| Task to complete |
Type out the listing below exactly. Pictures stay out of it.

| Data shown |
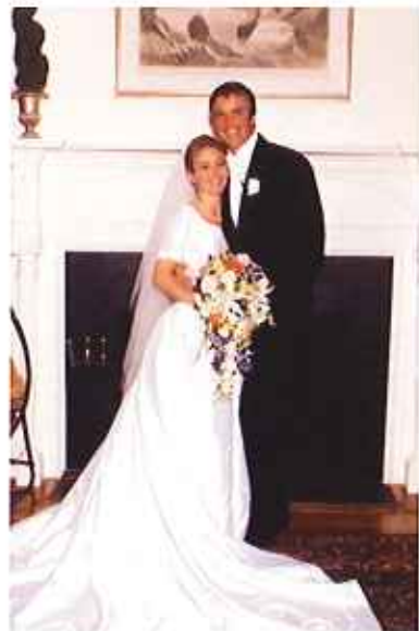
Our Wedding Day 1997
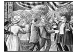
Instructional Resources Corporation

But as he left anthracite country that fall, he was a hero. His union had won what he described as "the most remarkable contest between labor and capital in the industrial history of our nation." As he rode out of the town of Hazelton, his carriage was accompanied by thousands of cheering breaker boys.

| Exercise result |
Our Wedding Day 1997
Instructional Resources Corporation

But as he left anthracite country that fall, he was a hero. His union had won what he described as "the most remarkable contest between labor and capital in the industrial history of our nation." As he rode out of the town of Hazelton, his carriage was accompanied by thousands of cheering breaker boys.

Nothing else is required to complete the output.